Archived-At: <https://mailarchive.ietf.org/arch/msg/wpack/0uRzQkJeOXDv8ieaLJOZAlg3dTI>
Subject: [Wpack] Web Archives, Replaying Web Pages and WPACK
X-BeenThere: wpack@ietf.org
X-Mailman-Version: 2.1.29
Precedence: list
List-Id: Web Packaging <wpack.ietf.org>
List-Unsubscribe: <https://www.ietf.org/mailman/options/wpack>, <mailto:wpack-request@ietf.org?subject=unsubscribe>
List-Archive: <https://mailarchive.ietf.org/arch/browse/wpack/>
List-Post: <mailto:wpack@ietf.org>
List-Help: <mailto:wpack-request@ietf.org?subject=help>
List-Subscribe: <https://www.ietf.org/mailman/listinfo/wpack>, <mailto:wpack-request@ietf.org?subject=subscribe>
X-List-Received-Date: Fri, 10 Jul 2020 22:30:24 -0000

Hi,

I wanted to reach out again to the webpack group, as I believe I am working
on solving some of the same problems as wpack, but from the perspective of
web archiving. It would be great if there was some way to collaborate with
this group, though I am struggling to understand how that could be done.

The overarching goal I believe seems to be the same: to replay HTTP network
traffic in a way that recreates an authentic representation of a website,
and to have a way to verify that the traffic was not forged. It seems a
'web archive' and a 'bundled http exchange' are fundamentally describing
the same type of object, with perhaps different storage requirements and
use cases.

I wanted to share a system, called https://replayweb.page/ which can replay
HTTP network traffic stored in a variety of formats directly in the
browser, using existing web standards, particularly Service Workers,
Fetch and IndexedDB (for caching).

Here are a few examples, which replay bundled HTTP traffic, and can even be
embedded in other pages as iframes:
https://webrecorder.net/embed-demo-1.html - replaying smaller
archives/bundles
https://webrecorder.net/embed-demo-2.html - replaying from a 17GB
archive/bundle
https://webrecorder.net/embed-demo-3.html - replaying more complex web
sites, including one with 3d viewer

These examples are all isolated and rendered independent of each other:
through Javascript rewriting and injection, the original Origin of the page
is emulated so that the site behaves as it is running on its initial
origin. This allows for replaying of complex, interactive web pages, though
is not perfect.

As I come from the web archiving community, I've focused mostly on WARC
format, as that is an existing ISO standard and widely in use, and the
system also supports replaying from HAR and the web bundles created via the
WBN tool.

However, the WARC format alone is a bit limiting, and there seems to
be a misunderstanding
about WARC
<https://github.com/WICG/webpackage/blob/fc9b3e75309546c805b5cdb1db74b2d58a8e0b28/explainers/navigation-to-unsigned-bundles.md#warc>:
It provides random access to HTTP traffic, but does not contain a built in
index necessary for random access (it is assumed the index is maintained
separately). To work around this, I've created a new 'bundling format', a
'bespoke zip format', which can contain WARCs (and other types of data,
even .wbn bundles), along with other metadata, and a compressed index.
This ZIP-based format is explained here:
https://github.com/webrecorder/web-archive-collection-format

Since the ZIP format allows for random access (see: ZipInfo
<https://github.com/Rob--W/zipinfo.js/>), it is possible to load all
bundled data on-demand via range requests. This allows the format to scale
to tens and probably hundreds of GBs.

The system also supports referencing URLs via query params in the fragment,
for example:
https://replayweb.page/?source=/examples/netpreserve-twitter.warc#view=replay&url=https%3A%2F%2Ftwitter.com%2Fnetpreserve&ts=20190603053135
loads
the WARC file, then loads the specified URL from the archive/bundle.
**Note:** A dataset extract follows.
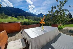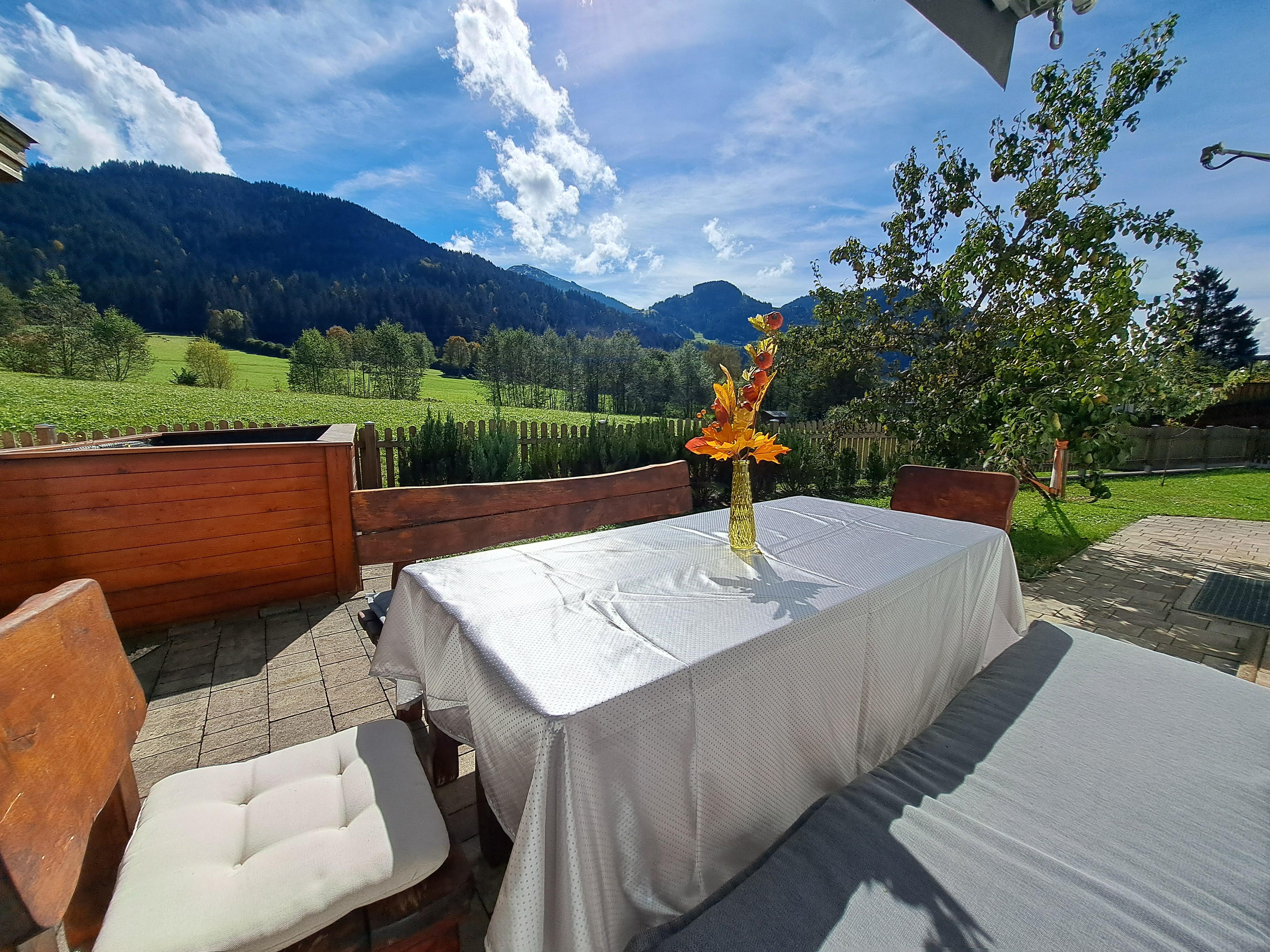 Unsere Ferienwohnung bietet eine herrliche Terrasse, von der aus Sie einen atemberaubenden Blick auf die Berge von Söll und ihre unberührte Natur genießen können. Für unsere jüngsten Gäste haben wir einen kleinen Spielplatz direkt vor dem Haus im Garten eingerichtet, damit jeder auf seine Kosten kommt.

I wanted to share all of this to see if there's perhaps some way to align
with the work you're doing here, though I must admit it is not easy to
understand if that is possible or of interest to this group. Again, from my
perspective, it seems like you're working on a very similar problem,
attempting to standardize this at the browser level, but perhaps for
different use cases.

One area I'm especially interested in is verification for Saving a Bundle
in the Browser
<https://github.com/WICG/webpackage/blob/2a78f2930a228ee6872630ecb023fa71151cc164/draft-yasskin-wpack-use-cases.md#save-and-share-a-web-page-snapshot>
.
Unfortunately, it seems that this use case is currently out of scope. I am
especially interested in building tools to solve this problem, so that (to
use this example) Casey can save the page in their browser, share it with
Dakota, and that *Dakota can verify that this is what Casey saw in their
browser*, and it was not forged. I think being able to site a web bundle
from a client's perspective would be extremely useful for archival,
fact-checking, sharing, etc.. use cases and could make the web more
trustworthy.

Please let me know if there is any interest in collaborating, or if these
existing tools could somehow help this spec move forward.

(If anyone is interested, the replayweb.page tool can be found on github
at: https://github.com/webrecorder/replayweb.page (UI frontend) and
https://github.com/webrecorder/wabac.js (service worker backend)

Thank you,
Ilya
webrecorder.net